15 novembre 2019
Aggiornato 18:30

Milan: Highbridge non convince, rispuntano gli arabi

Sta per scadere l’esclusiva a HPS/Highbridge e si infittiscono le voci su un probabile fallimento della trattativa. Fassone alla ricerca di nuovi finanziatori.

Yonghong Li e Fassone alla ricerca di nuovi finanziatori
Yonghong Li e Fassone alla ricerca di nuovi finanziatori ANSA

MILANO - «Strada in salita con Highbridge». Con questo titolo Carlo Festa del Sole 24 Ore aveva anticipato già il 16 dicembre quello che poi sta per materializzarsi in queste ultime ore. L’esclusiva con Hps Investment Partners, ex divisione del fondo internazionale Highbridge coinvolta dall’advisor finanziario Bgb Weston, sta per scadere il 6 gennaio e al momento attuale non sembrano esserci i presupposti per una positiva conclusione dell’accordo. Si tratta del rifinanziamento del debito di 303 milioni di euro contratto dal Milan (123 milioni) e dal suo presidente Yonghong Li (180) con il l’hedge fund Elliott.

Highbridge non convince
La proposta di Hps/Highbridge sembrava la più convincente, 400 milioni da restituire in 5 anni, poco più di 300 per saldare le pendenze con il fondo americano, altri 100 milioni in caso di raggiungimento degli obiettivi del business plan.

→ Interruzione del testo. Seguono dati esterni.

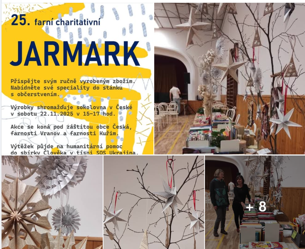 Výtěžek charitativního jarmarku 2025 v České ve výši 127 434 byl věnován na humanitární pomoc Člověk v tísni SOS Ukrajina. Společný stánek knihovny Lelekovice a knihovny Česká k výtěžku přispěl částkou 6100,- Kč. Děkujeme, že jste přišli, koupili si knihy a výrobny z papíru a přispěli jste na správnou věc.
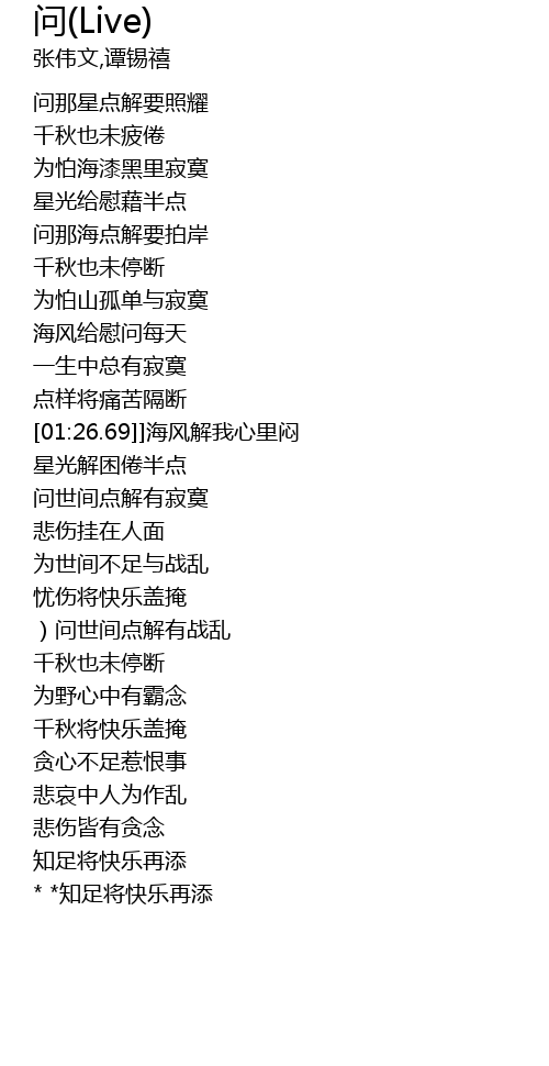 | [03:14.36] | * *知足将快乐再添 |
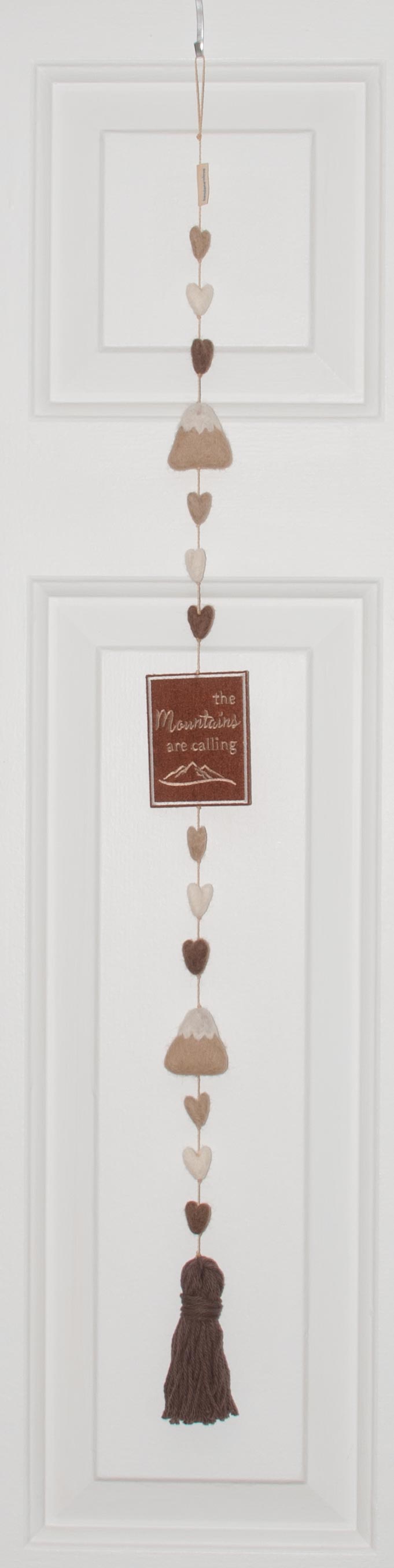 Our hand made wool felted “The Mountains are Calling” Heart String is made with our wool felted hearts in shades of brown and ivory and two wool felted mountains. Decorated with an embroidered felt "The Mountains are Calling” patch at the center and finished with a brown tassel at the end. Approximately 34 inches long. Packaged in an ivory bandana cloth bag.
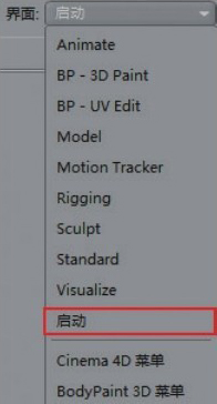 如果想回到预设的布局界面,那么可以单击软件界面右上角的“界面”下拉列表,选择“启动”选项,即可恢复默认布局,如图1-17所示。“界面”下拉列表中预置了多种模式的布局,适用不同功能,读者可以自由选择并切换。本书使用默认布局。
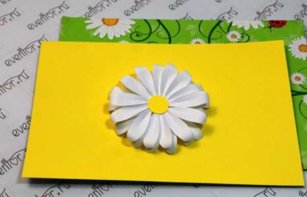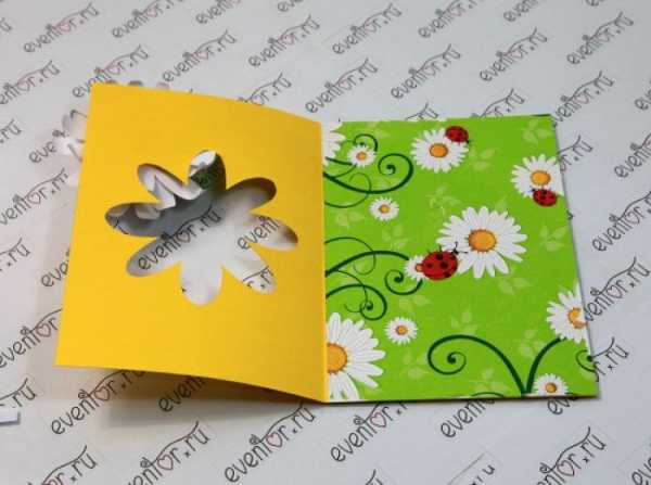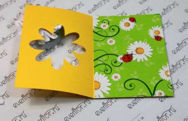 4. Возьми желтый (или какой Тебе больше нравится) картон, согни его пополам. Это заготовка для будущей открытки. На первой странице вырежи отверстие в форме ромашки.
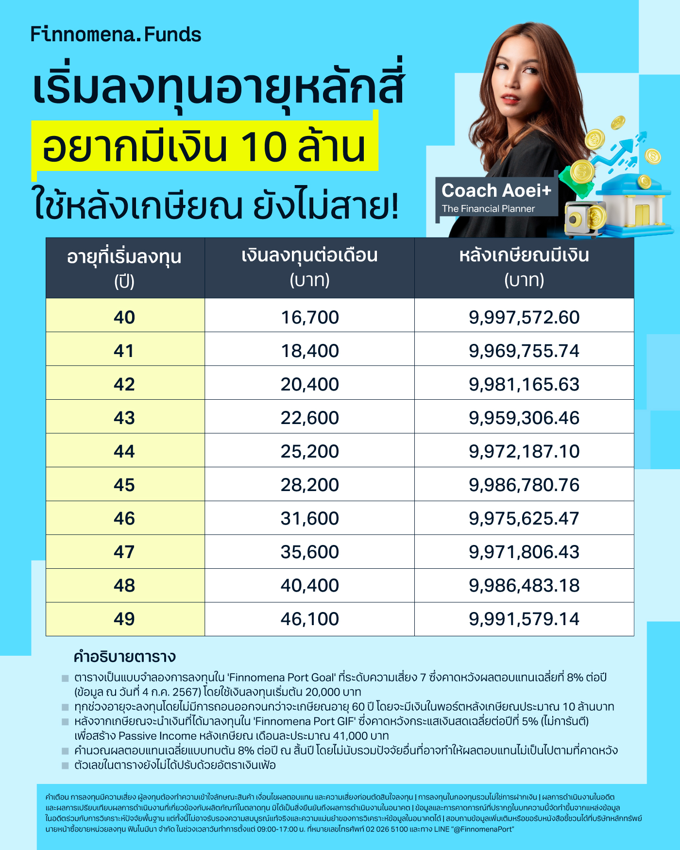 - ทุก ๆ ช่วงอายุในตาราง จะใช้เงินลงทุนก้อนแรกจำนวน 20,000 บาท ตามจำนวนเงินลงทุนขั้นต่ำครั้งแรกของ Finnomena Port Goal โดยลงทุนที่ระดับความเสี่ยง 7 คาดหวังผลตอบแทนเฉลี่ยทบต้นปีละ 8% (ข้อมูล ณ วันที่ 4 ก.ค. 2567)
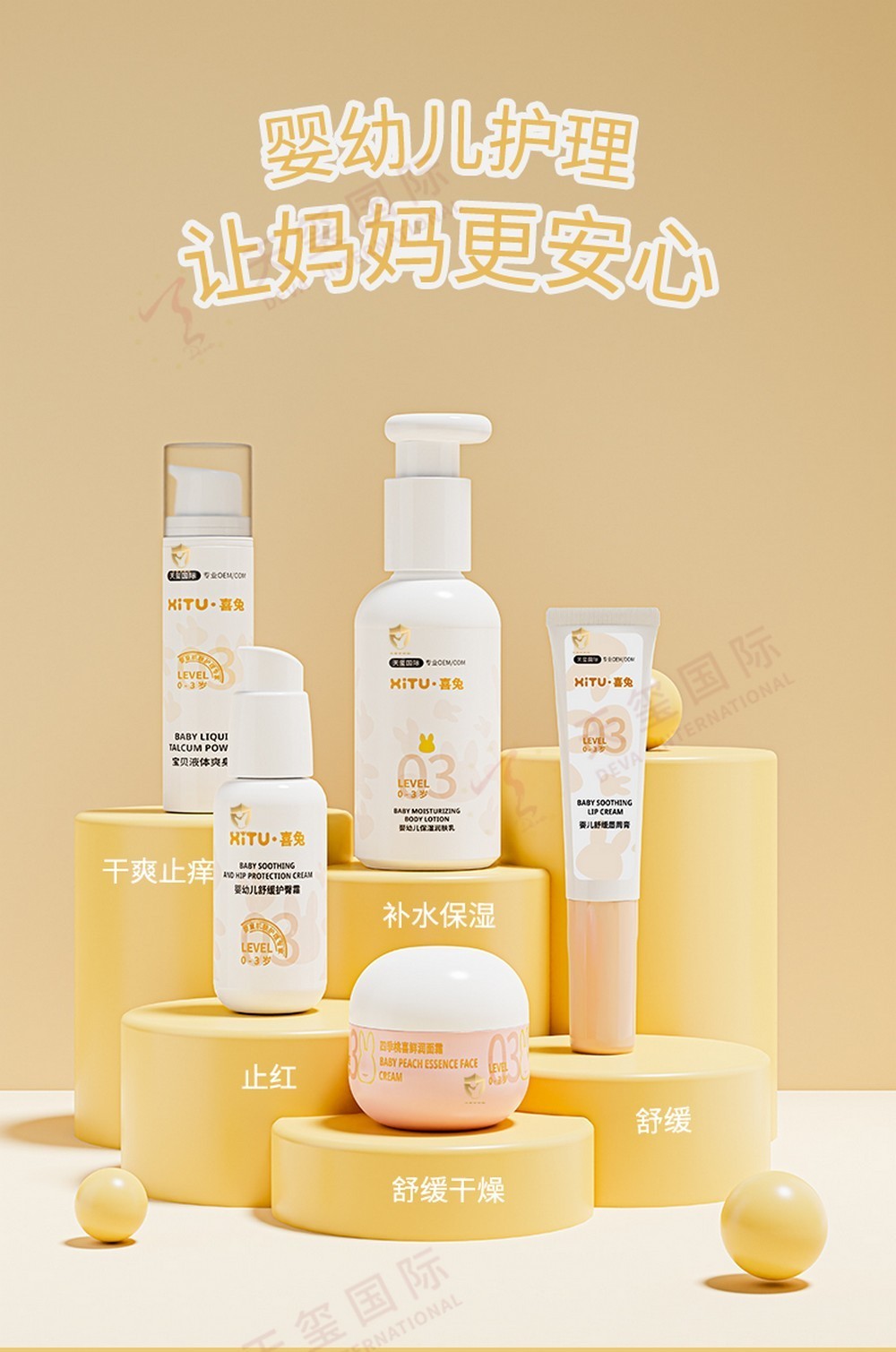 该产品为婴童系列代加工产品展示,并非成品现货可批发或单独购买!我司也有其他婴童护肤品代加工及其他品类化妆品OEM/ODM,产品品类及功效众多无法一一展示如需了解更多化妆品贴牌可直接联系我司客服人员,感谢您的信赖与选择!
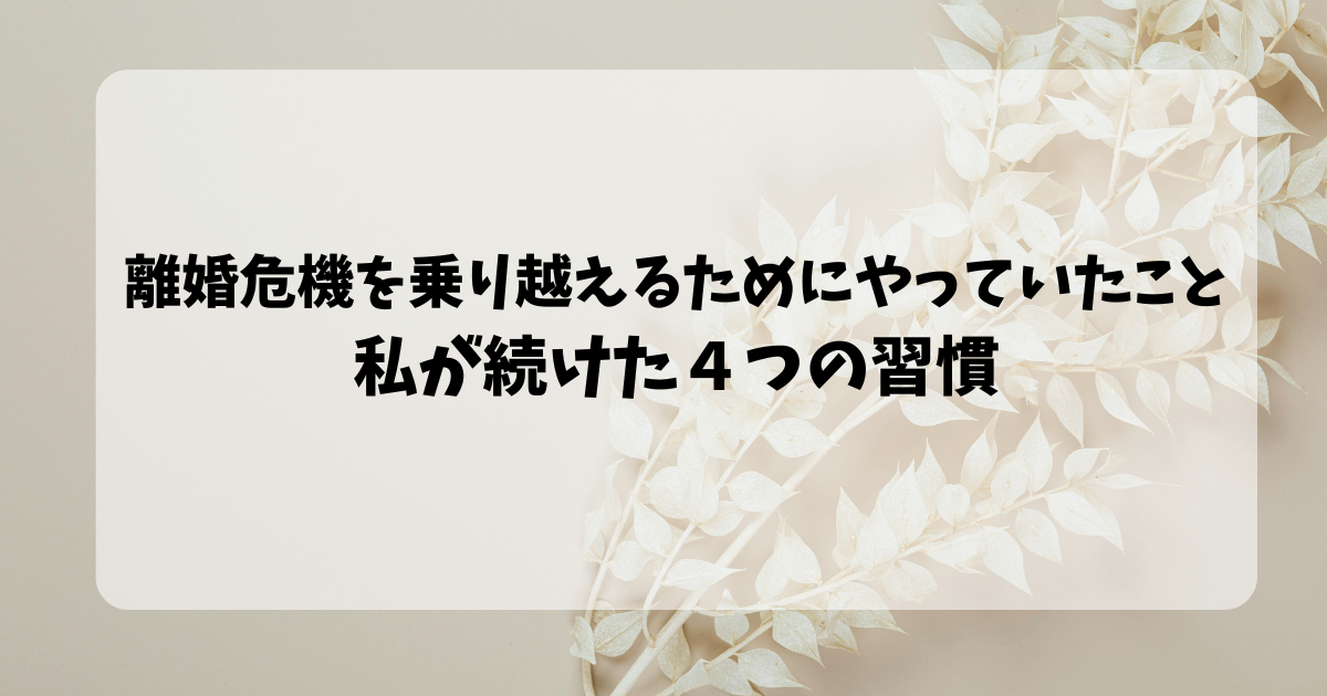 地味に見えます。でも、夫を変えようとするより先に、自分を大切にすることから始めると、心が少しずつ安定してきます。
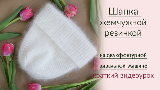 Шапка жемчужной резинкой из ангоры, краткий МК для двухфонтурной вязальной машины
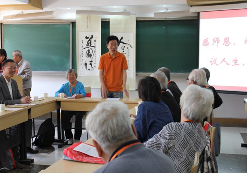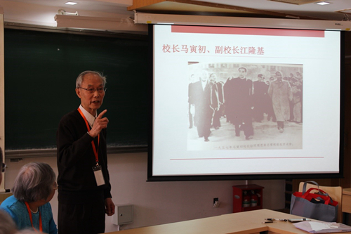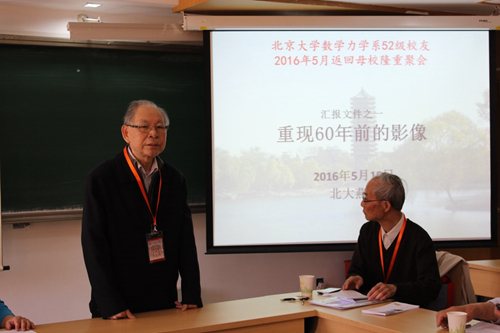 数力系52级员工代表王大钧老师、孔祥言老师先后作了 “我们的老师”、“数力系52级基本情况”、“重现60年前的影像”的主题分享,通过图文重现往昔岁月,向恩师致敬,对逝去同学缅怀,回首往事,老院友们感慨万千。大家纷纷发言,光阴虽匆匆逝去,不变的仍是当年同窗情,燕园里诉燕园情,场面令人动容。
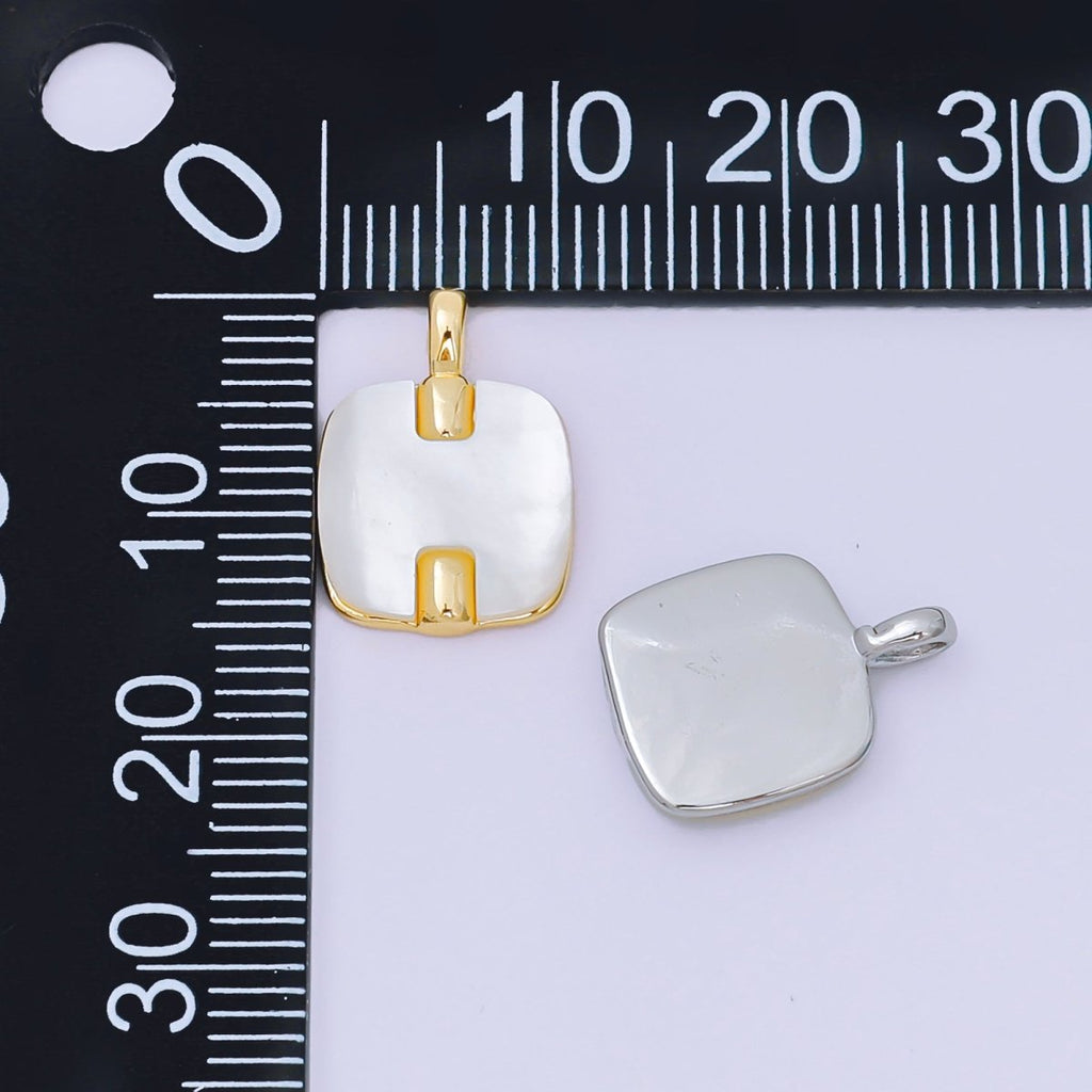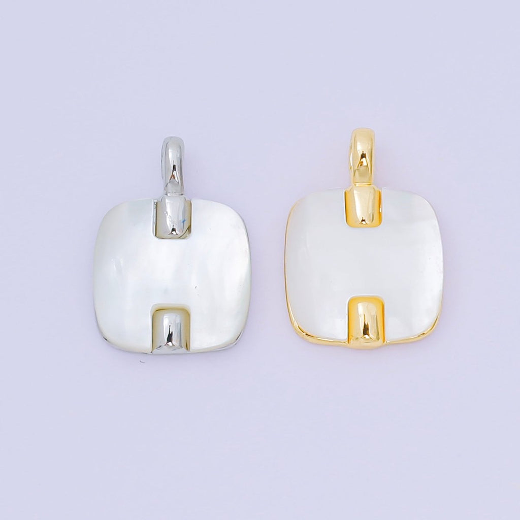 24K Gold Filled 15mm square Shell Pearl Charm Minimalist Jewelry in Gold & Silver | AA-1583

Nelle ultime ore, invece, Fassone sembra aver rallentato decisamente, tanto da voler aspettare il viaggio in Cina, previsto a metà gennaio, per pianificare con cura la questione rifinanziamento insieme al presidente del Milan Yonghong Li e al suo braccio destro Han Li.

Arabi o nuove strade
All’origine del ripensamento della dirigenza rossonera potrebbero essere intervenute altre proposte, ritenute più convenienti. Secondo il quotidiano La Repubblica, la prima alternativa a Highbridge sarebbe un fondo arabo. Di diverso avviso invece il Sole 24 Ore, secondo cui il piano di Fassone «Potrebbe essere quello di avviare un negoziato con un altro fondo americano speculativo oppure provare ad emettere un mega-bond, come quello da 300 milioni che ha collocato l’Inter».